All Letta agents can be connected to a voice provider by using the voice chat completion endpoint at http://localhost:8283/v1/voice-beta/<AGENT_ID>. However for voice applications, we recommend using the voice_convo_agent agent architecture, which is a low-latency architecture optimized for voice.

Creating a latency-optimized voice agent

You can create a latency-optimized voice agent by using the voice_convo_agent agent architecture and setting enable_sleeptime to True.

1from letta_client import Letta
2
3client = Letta(token=os.getenv('LETTA_API_KEY'))
4
5# create the Letta agent
6agent = client.agents.create(
7 agent_type="voice_convo_agent",
8 memory_blocks=[
9 {"value": "Name: ?", "label": "human"},
10 {"value": "You are a helpful assistant.", "label": "persona"},
11 ],
12 model="openai/gpt-4o-mini", # Use 4o-mini for speed
13 embedding="openai/text-embedding-3-small",
14 enable_sleeptime=True,
15 initial_message_sequence = [],
16)

This will create a low-latency agent which has a sleep-time agent to manage memory and re-write it’s context in the background. You can attach additional tools and blocks to this agent just as you would any other Letta agent.
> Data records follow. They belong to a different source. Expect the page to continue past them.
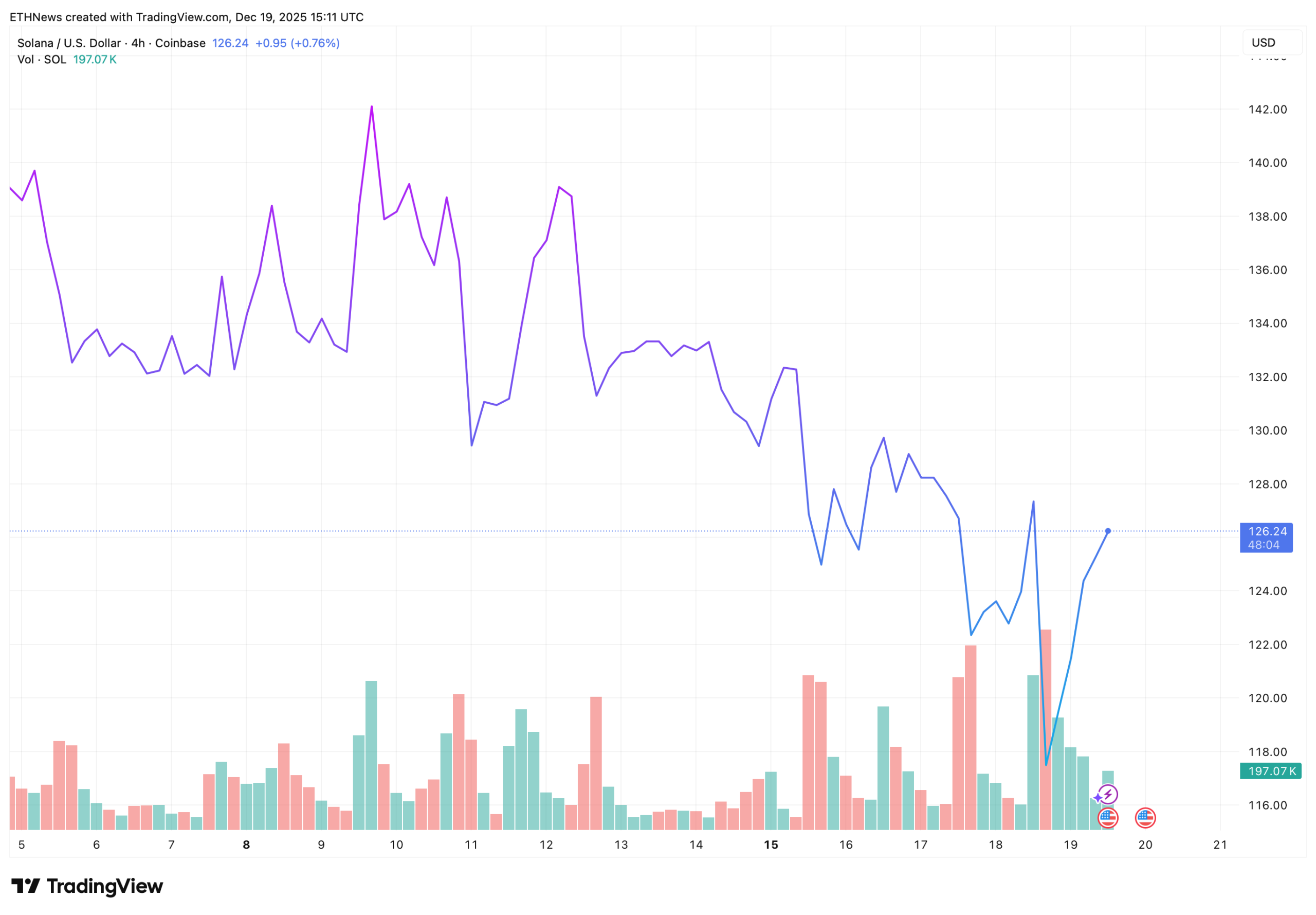 The 4-hour chart supports this cautious interpretation. Solana is currently trading around $126, after failing to hold above prior consolidation zones in the low-to-mid $130s. The structure shows wide swings, with strong selling pressure emerging on down moves and limited follow-through on rebounds.
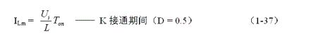 式中Io為流過負載的電流,當D = 0.5時,其大小等於最大電流iLm的四分之一;T為開關電源的工作周期,T正好等於2倍Ton。
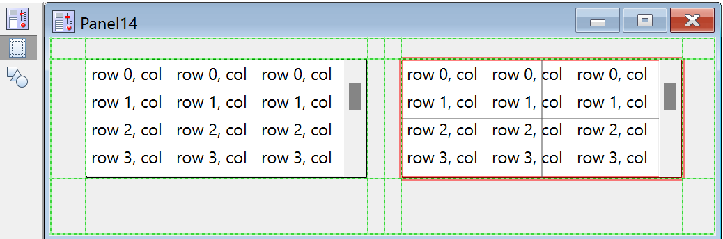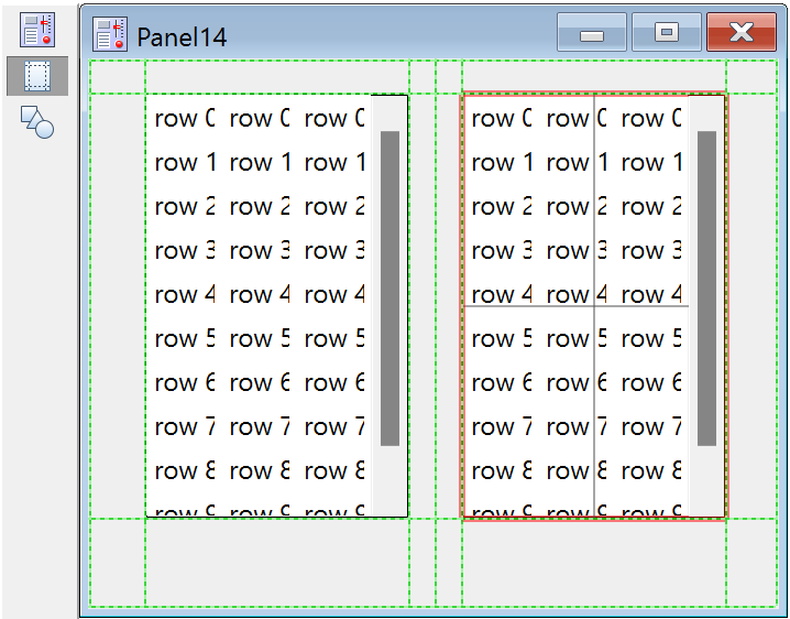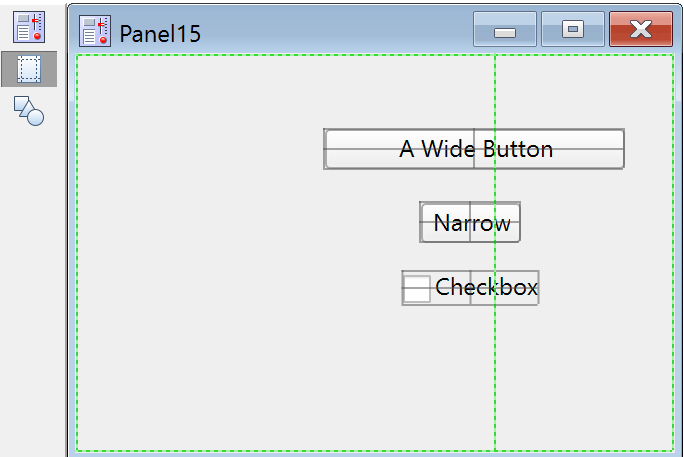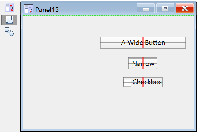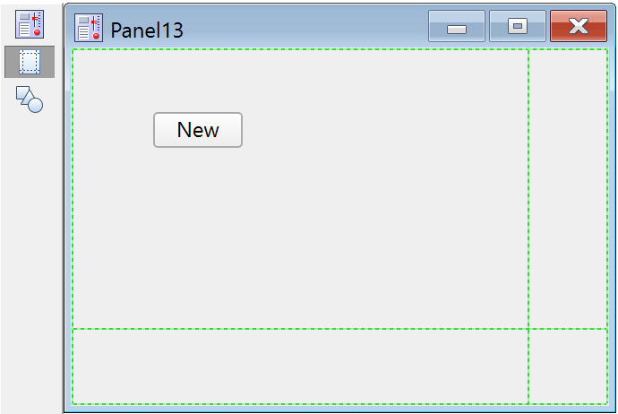 Select the second icon in the tool palette to enter Guides mode. In Guides mode, controls can be anchored to guide lines that help to align and size controls, and to maintain appropriate layout within the owning window. See Laying Out Controls in Guides Mode below. Guides mode for controls is similar to subwindow layout using guides; see Guides Mode for Laying Out Subwindows.

Configuring message buffer size

You can configure the message buffer size of the agent, which controls how many messages can be kept in the buffer until they are evicted. For latency-sensitive applications, we recommend setting a low buffer size.

You can configure:

  • max_message_buffer_length: the maximum number of messages in the buffer until a compaction (summarization) is triggered
  • min_message_buffer_length: the minimum number of messages to keep in the buffer (to ensure continuity of the conversation)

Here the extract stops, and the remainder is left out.